Your objective »
Each word in the data below should be copied exactly; the images should not.

Source data »
********
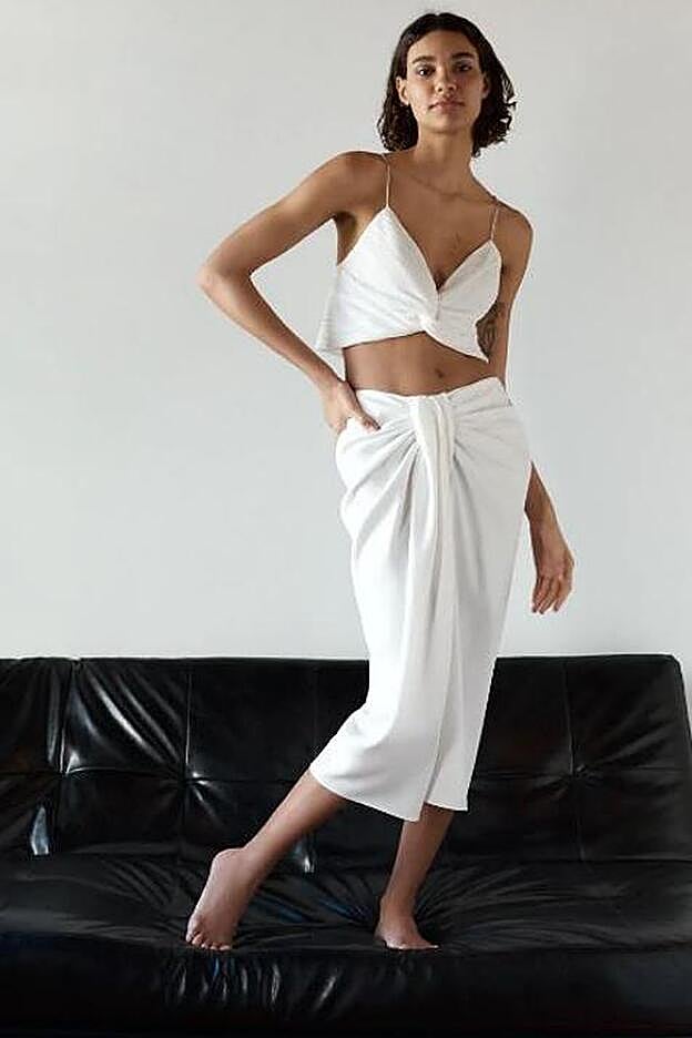 Un diseño midi muy original en color blanco con bajo asimétrico, tiro alto y nudo en la cintura que sienta de maravilla. Cuesta 29,95 euros y también está disponible en color negro. Nagore añadió además el toque llamativo con el calzado completando el look con unos stilettos de estampado de leopardo. ¡Nos encanta!
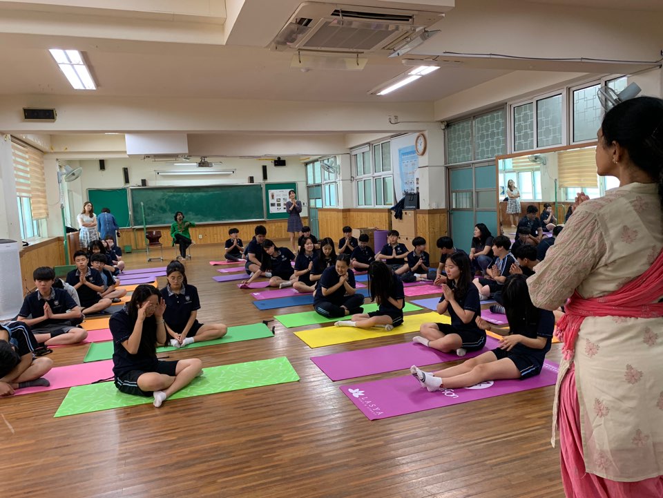 On 8 July, SVCC visited Hansan Middle School. Around 32 students experienced Kathak, and relieved their stress through Yoga & Meditation workshop. They also enthusiastically participated in Quiz on Gandhi.
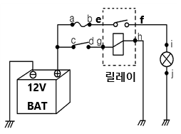 다음 회로에서 스위치를 ON하였으나 전구가 점등되지 않아 테스트 램프(LED)를 사용하여 점검한 결과 i점과 j점이 모두 점등되었을 때 고장원인을 옳은 것은?
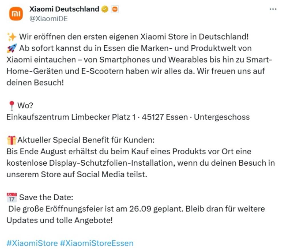 同时小雷还查到个有意思的信息,小米在德国的首家直营店恰好在9月份开张,除了销售小米15系列手机外,对于购买小米15 Ultra的用户还提供1欧元换购REDMI Pad SE等活动,优惠力度并不小。
********
Completed exercise »
 Un diseño midi muy original en color blanco con bajo asimétrico, tiro alto y nudo en la cintura que sienta de maravilla. Cuesta 29,95 euros y también está disponible en color negro. Nagore añadió además el toque llamativo con el calzado completando el look con unos stilettos de estampado de leopardo. ¡Nos encanta!
 On 8 July, SVCC visited Hansan Middle School. Around 32 students experienced Kathak, and relieved their stress through Yoga & Meditation workshop. They also enthusiastically participated in Quiz on Gandhi.
 다음 회로에서 스위치를 ON하였으나 전구가 점등되지 않아 테스트 램프(LED)를 사용하여 점검한 결과 i점과 j점이 모두 점등되었을 때 고장원인을 옳은 것은?
 同时小雷还查到个有意思的信息,小米在德国的首家直营店恰好在9月份开张,除了销售小米15系列手机外,对于购买小米15 Ultra的用户还提供1欧元换购REDMI Pad SE等活动,优惠力度并不小。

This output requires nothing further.